OpenAI’s board had fired CEO Sam Altman, saying he had lost their confidence, in a move that seemed likely to tank the startup’s $80 billion-plus valuation. The firing was only possible thanks to OpenAI’s strange corporate structure, in which its directors have no fiduciary duty to increase profits for shareholders—a structure Altman himself had helped design so that OpenAI could build powerful AI insulated from perverse market incentives. To Israel and almost everyone else, it appeared that plan had badly backfired. Five days later, after a pressure campaign from OpenAI’s main investor Microsoft, venture capitalists, and OpenAI’s own staff—who held valuable equity in the company—Altman was reinstated as CEO, and two of the three directors who fired him resigned. “AI belongs to the capitalists now,” the New York Times concluded, as OpenAI began to build a new board that seemed more befitting of a high-growth company than a research lab concerned about the dangers of powerful AI.

And so Israel found himself being frantically asked by Anthropic’s investors and clients that weekend: Could the same thing happen at Anthropic?

Anthropic, which like OpenAI is a top AI lab, has an unorthodox corporate structure too.
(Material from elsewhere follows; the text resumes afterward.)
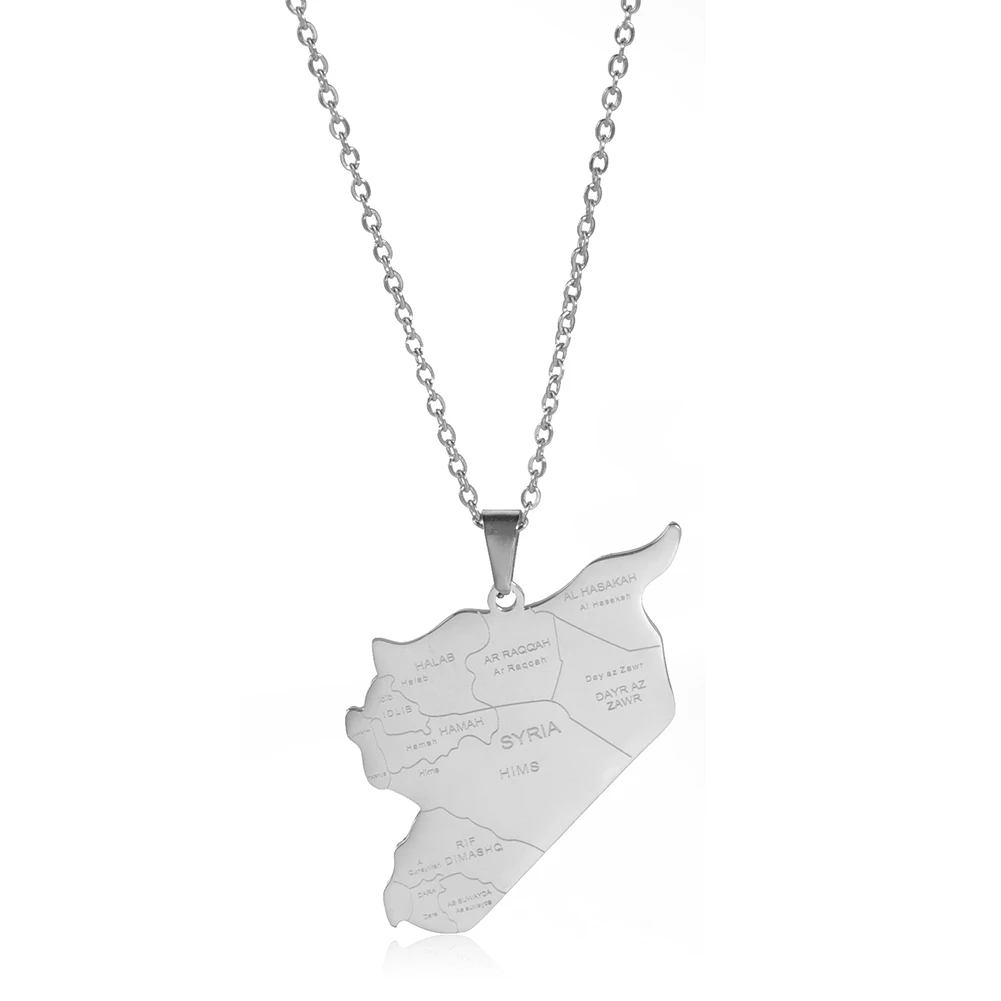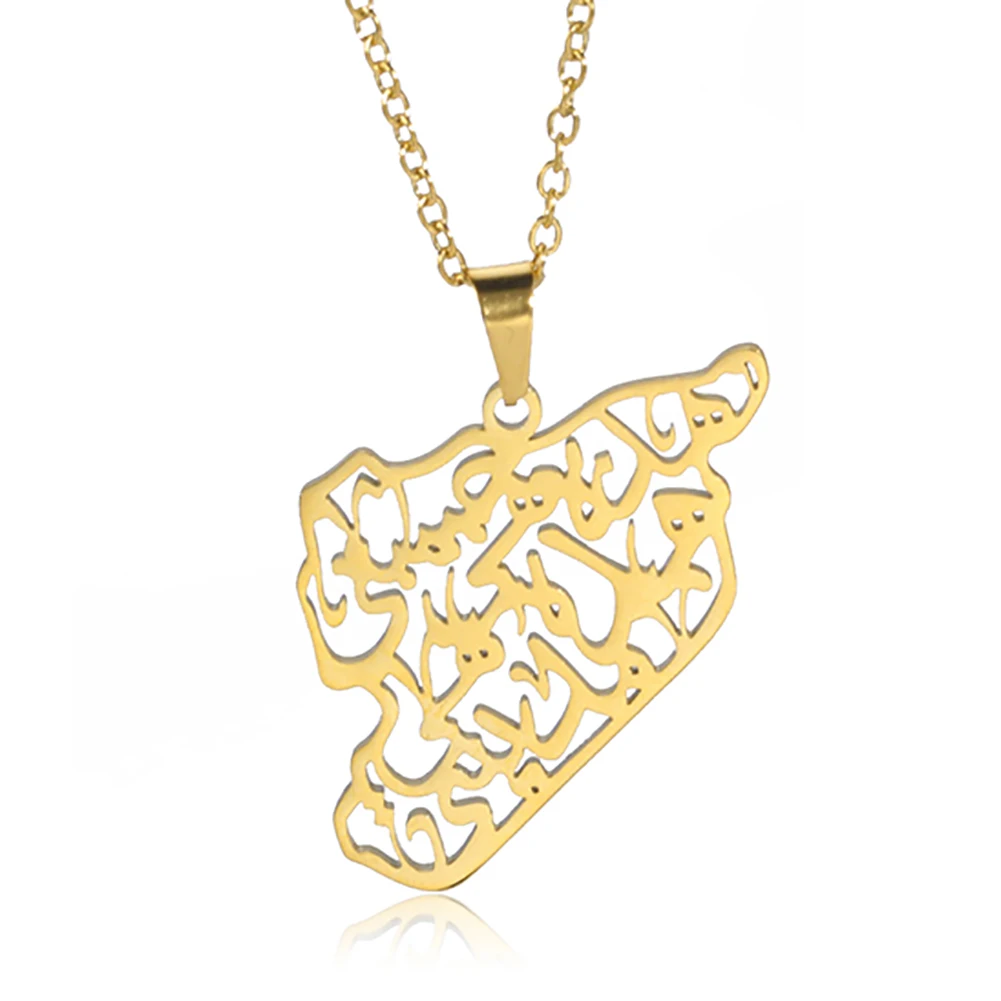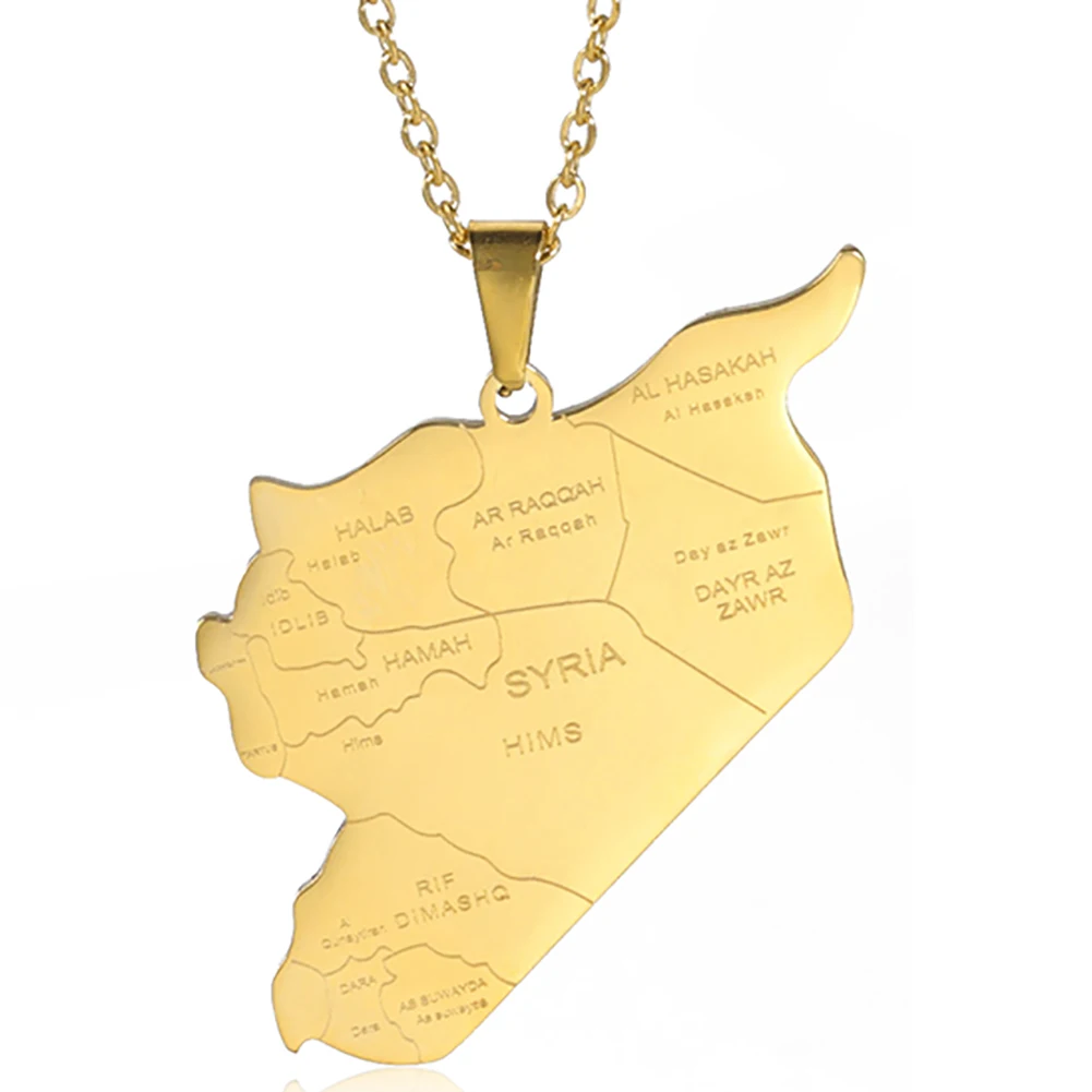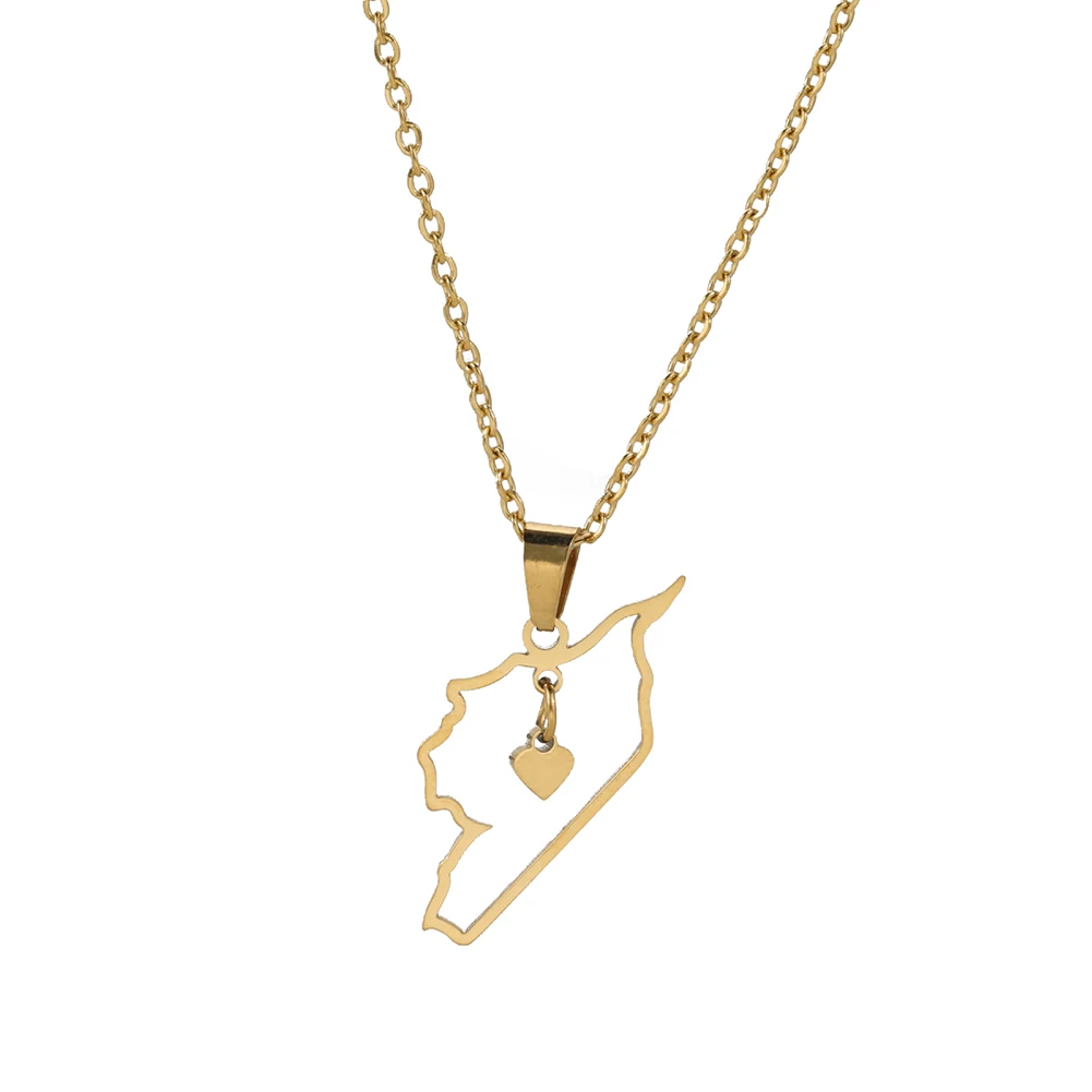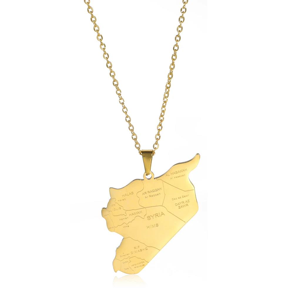Kkjoy Stainless Steel Syria Map Flag Pendant Necklaces for Women Men Gold Color Charm Syrians Map Pendant Jewelry Wholesale New

The company similarly structured itself in order to ensure it could develop AI without needing to cut corners in pursuit of profits. But that’s pretty much where the likeness ends. To everybody with questions on Thanksgiving, Israel’s answer was the same: what happened at OpenAI can’t happen to us.

Read More: Inside Anthropic, the AI Company Betting That Safety Can Be a Winning Strategy

Prior to the OpenAI disaster, questions about the corporate governance of AI seemed obscure. But it’s now clear that the structure of AI companies has vital implications for who controls what could be the 21st century’s most powerful technology. As AI grows more powerful, the stakes are only getting higher. Earlier in May, two OpenAI leaders on the safety side of the company quit. In a leaving statement one of them, Jan Leike, said that safety had “taken a backseat to shiny products,” and said that OpenAI needed a “cultural change” if it were going to develop advanced AI safely. On Tuesday, Leike announced he had moved to Anthropic. (Altman acknowledged Leike’s criticisms, saying “we have a lot more to do; we are committed to doing it.”)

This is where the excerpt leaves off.